In going through basic training in the military, a similar concept was hammered: of pairing soldiers together and working in tandem to advance towards an enemy position.  Marriage is sort of like that; the cooperation, not the warfare (although some would point more to the latter than the former as representing the institution).  And so the statistical sales of bookends has been steadily declining.

Often, for Federal and Postal employees who come to a critical point of needing to file for Federal Disability Retirement benefits from the U.S. Office of Personnel Management, the metaphorical association to the uselessness of bookends in modernity is obvious: the agency no longer supports the Federal or Postal Worker, neither in words nor in deed, and one can easily forecast the future value of one’s continuing presence.
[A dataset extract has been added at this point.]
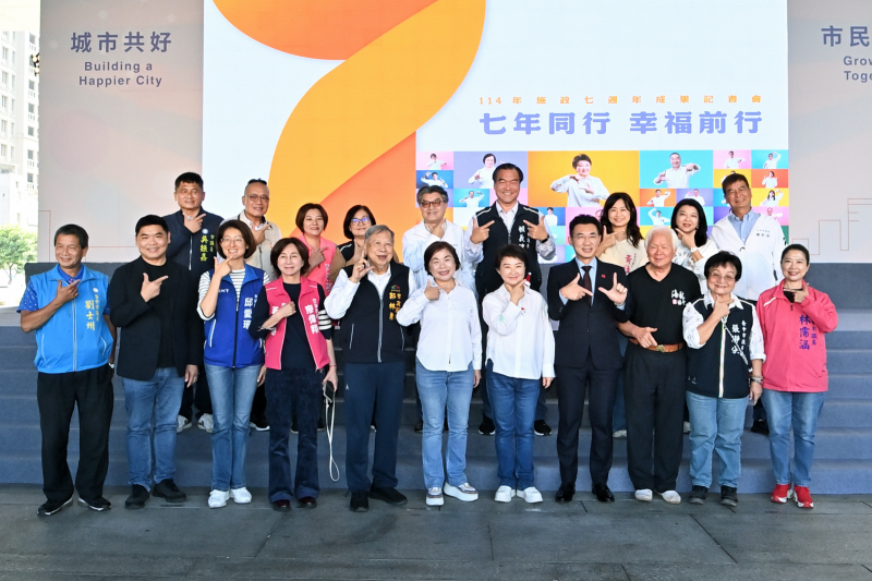 台中市長盧秀燕率領市府團隊執政滿7年,即將邁向第8年,今(24)日舉行施政7週年成果記者會,以「七年同行、幸福前行」為主軸,向市民報告7年來的施政成果。

With the loss of such support, one feels like the singular bookend.

When that loss of agency support occurs, it is time for the Federal and Postal Worker to consider that option which exists precisely for that moment: to file for Federal Disability Retirement benefits from the U.S. Office of Personnel Management, whether under FERS or CSRS.  Work is important, but health so much more. When the bookend of the agency is lost or damaged, then one is looking at holding up one side of the spectrum.

Oh, and that metaphorical concept of the “buddy” system, taught in tactical military training? Like the singular bookend which can only hold up the rear, that’s precisely what the Federal or Postal Worker must look out for when once a medical condition is revealed to an uncaring Federal Agency or Postal Service.